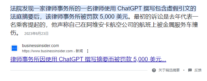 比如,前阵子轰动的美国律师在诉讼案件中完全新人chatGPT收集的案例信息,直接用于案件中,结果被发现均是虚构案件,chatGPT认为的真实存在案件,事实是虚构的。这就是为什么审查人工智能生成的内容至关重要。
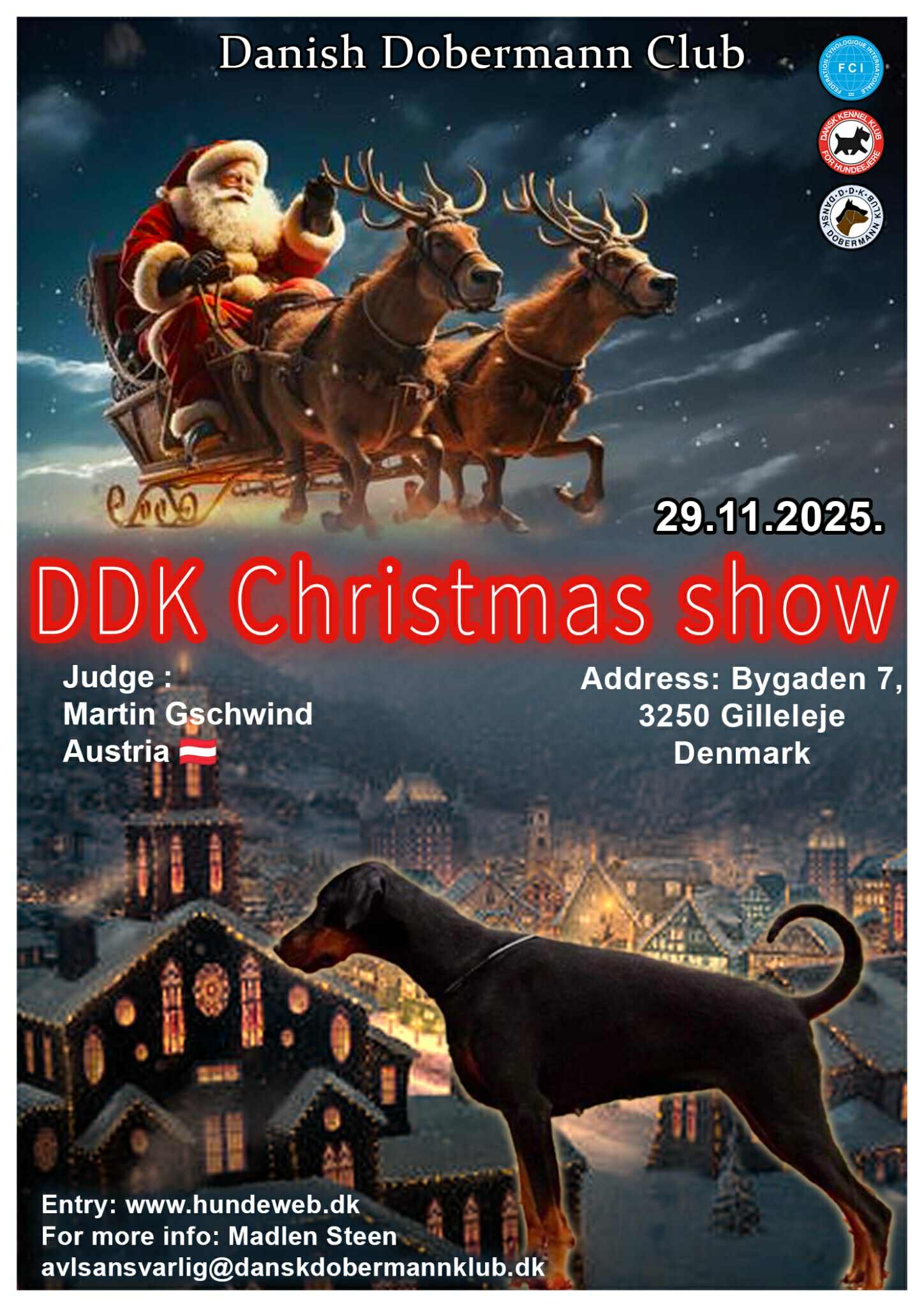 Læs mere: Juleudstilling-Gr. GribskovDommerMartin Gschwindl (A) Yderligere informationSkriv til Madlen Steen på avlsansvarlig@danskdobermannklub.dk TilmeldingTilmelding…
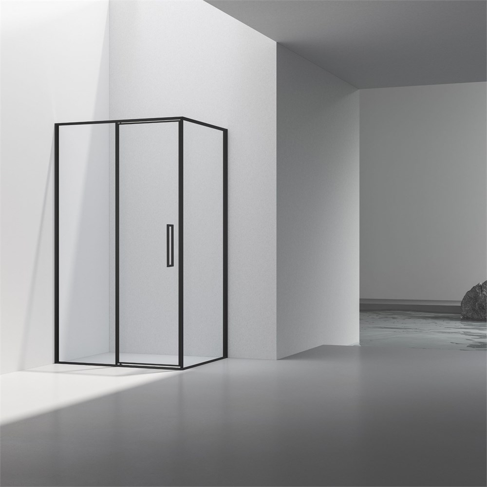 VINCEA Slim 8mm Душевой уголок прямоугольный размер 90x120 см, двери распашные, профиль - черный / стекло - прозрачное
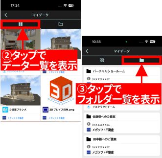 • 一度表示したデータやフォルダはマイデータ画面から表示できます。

--

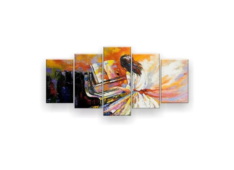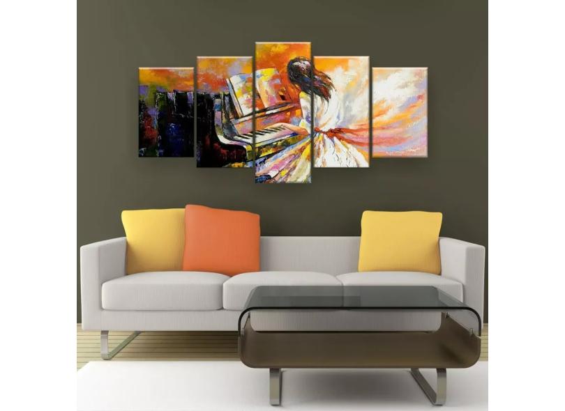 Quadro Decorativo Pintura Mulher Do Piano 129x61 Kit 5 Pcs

▶ Problem
Copy word for word the lines above, starting at the line containing "比如,前阵子轰动的美国律师在" and ending at the line containing "Læs mere: Juleudstilling-Gr.", inclusive, with no pictures.

▶ Your solution
 比如,前阵子轰动的美国律师在诉讼案件中完全新人chatGPT收集的案例信息,直接用于案件中,结果被发现均是虚构案件,chatGPT认为的真实存在案件,事实是虚构的。这就是为什么审查人工智能生成的内容至关重要。
 Læs mere: Juleudstilling-Gr. GribskovDommerMartin Gschwindl (A) Yderligere informationSkriv til Madlen Steen på avlsansvarlig@danskdobermannklub.dk TilmeldingTilmelding…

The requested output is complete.